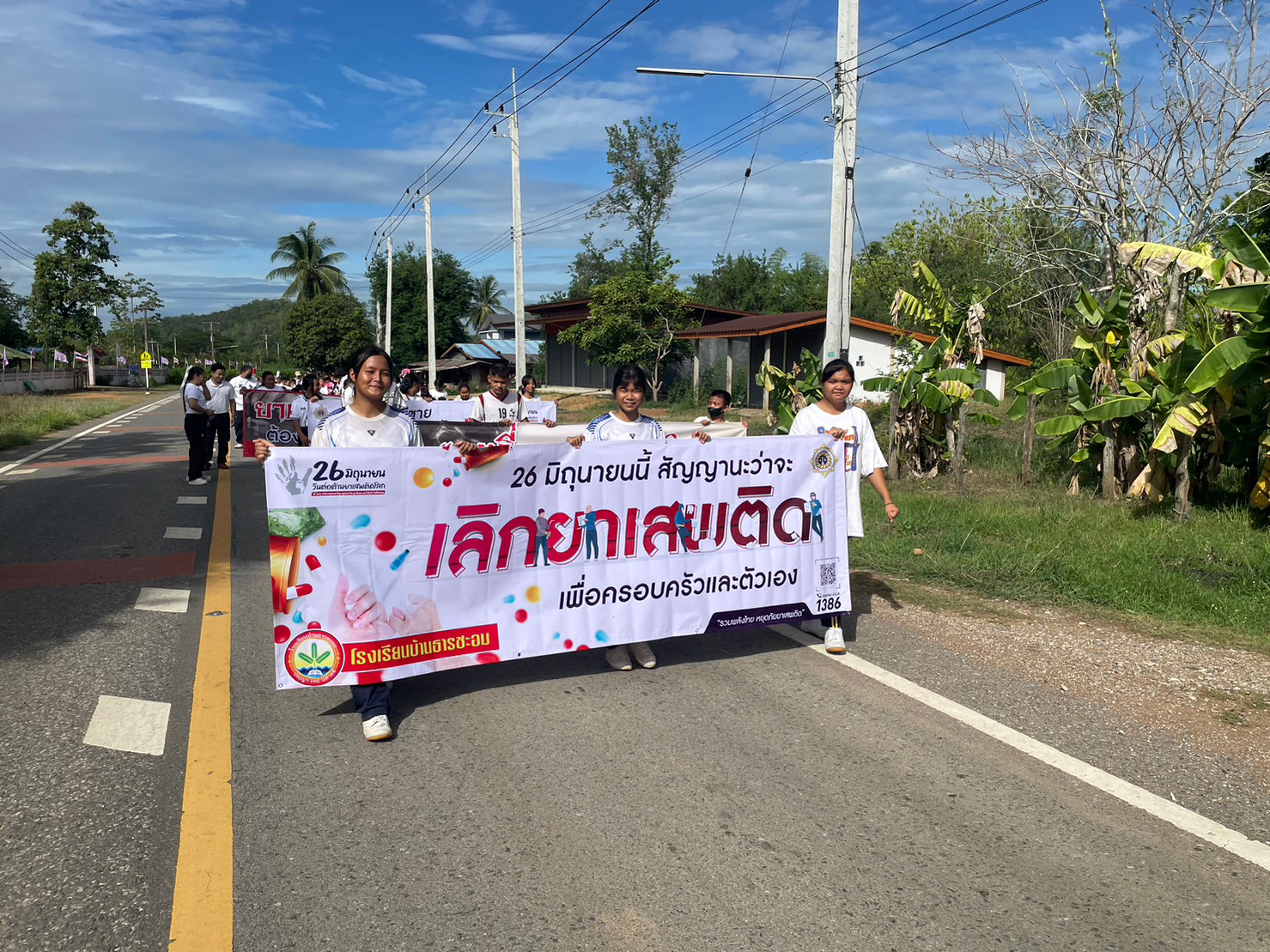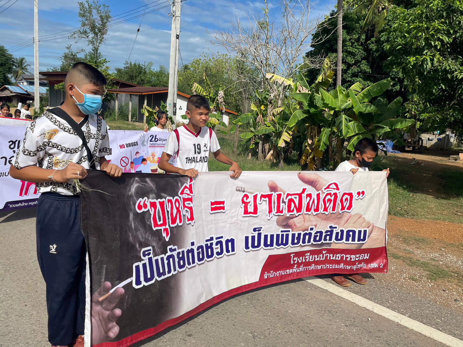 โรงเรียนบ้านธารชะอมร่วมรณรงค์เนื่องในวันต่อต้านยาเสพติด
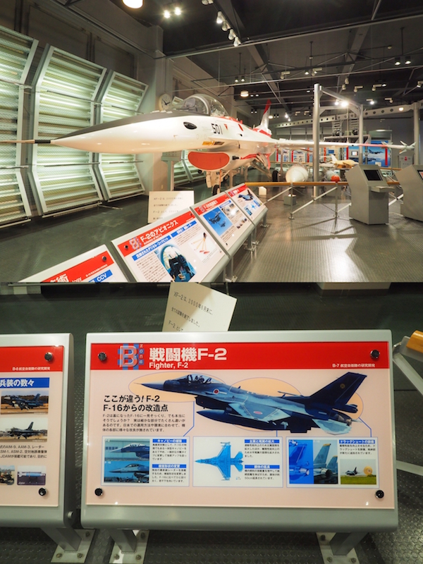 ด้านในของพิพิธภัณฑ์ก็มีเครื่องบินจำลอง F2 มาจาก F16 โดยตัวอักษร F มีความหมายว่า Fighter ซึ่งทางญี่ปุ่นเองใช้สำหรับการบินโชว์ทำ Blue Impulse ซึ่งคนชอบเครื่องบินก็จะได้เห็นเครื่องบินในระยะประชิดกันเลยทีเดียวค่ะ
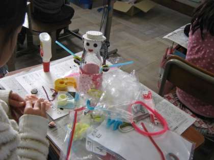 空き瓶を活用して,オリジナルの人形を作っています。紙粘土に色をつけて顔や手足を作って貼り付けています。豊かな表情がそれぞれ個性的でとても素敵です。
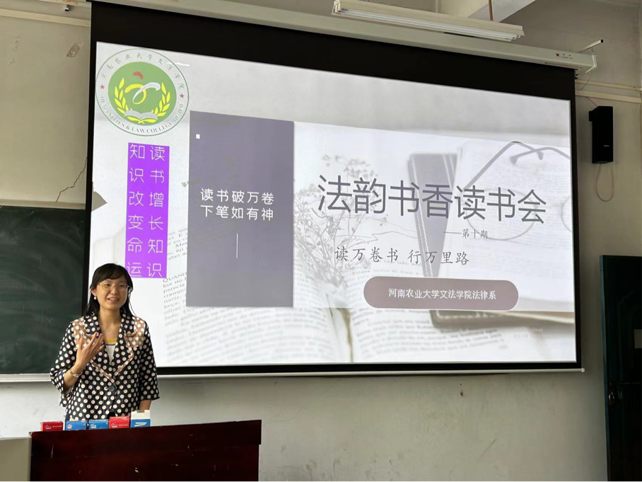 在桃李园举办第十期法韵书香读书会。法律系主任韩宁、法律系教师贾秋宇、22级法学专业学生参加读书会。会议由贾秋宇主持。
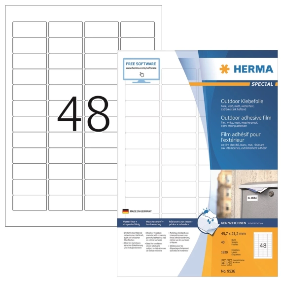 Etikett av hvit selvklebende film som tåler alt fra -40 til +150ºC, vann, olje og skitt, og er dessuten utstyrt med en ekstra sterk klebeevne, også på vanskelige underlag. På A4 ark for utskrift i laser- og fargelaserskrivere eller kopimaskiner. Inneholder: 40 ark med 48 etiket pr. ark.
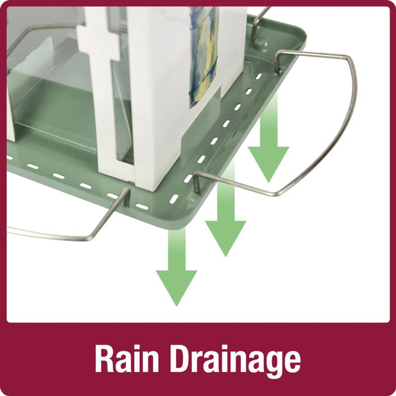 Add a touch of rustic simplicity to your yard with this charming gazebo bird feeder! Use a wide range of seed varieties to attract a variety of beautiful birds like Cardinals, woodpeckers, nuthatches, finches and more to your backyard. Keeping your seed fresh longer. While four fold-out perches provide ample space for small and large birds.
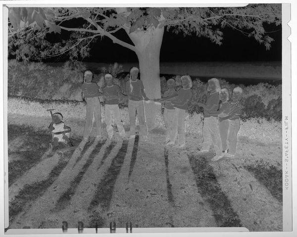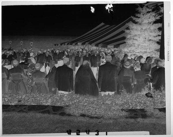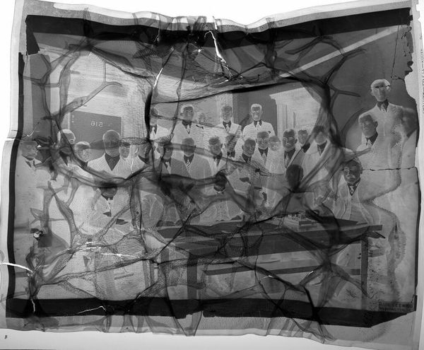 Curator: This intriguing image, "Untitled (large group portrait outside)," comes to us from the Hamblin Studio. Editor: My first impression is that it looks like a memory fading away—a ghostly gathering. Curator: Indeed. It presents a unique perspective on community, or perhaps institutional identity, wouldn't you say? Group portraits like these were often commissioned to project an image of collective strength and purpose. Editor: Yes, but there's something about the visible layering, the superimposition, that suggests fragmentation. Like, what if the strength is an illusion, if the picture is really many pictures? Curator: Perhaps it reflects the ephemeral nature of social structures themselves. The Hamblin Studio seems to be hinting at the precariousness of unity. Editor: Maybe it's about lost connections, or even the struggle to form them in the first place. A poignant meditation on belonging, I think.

━━━━━━━━━━━━━━━━

Only the lines between the one with "ด้านในของพิพิธภัณฑ์ก็มีเครื่องบินจำลอง F2 มาจาก" and the one with "在桃李园举办第十期法韵书香读", those two included, get copied from the material above. Keep it exact and free of pictures.

> **SOLUTION TO THE PROBLEM**:
 ด้านในของพิพิธภัณฑ์ก็มีเครื่องบินจำลอง F2 มาจาก F16 โดยตัวอักษร F มีความหมายว่า Fighter ซึ่งทางญี่ปุ่นเองใช้สำหรับการบินโชว์ทำ Blue Impulse ซึ่งคนชอบเครื่องบินก็จะได้เห็นเครื่องบินในระยะประชิดกันเลยทีเดียวค่ะ
 空き瓶を活用して,オリジナルの人形を作っています。紙粘土に色をつけて顔や手足を作って貼り付けています。豊かな表情がそれぞれ個性的でとても素敵です。
 在桃李园举办第十期法韵书香读书会。法律系主任韩宁、法律系教师贾秋宇、22级法学专业学生参加读书会。会议由贾秋宇主持。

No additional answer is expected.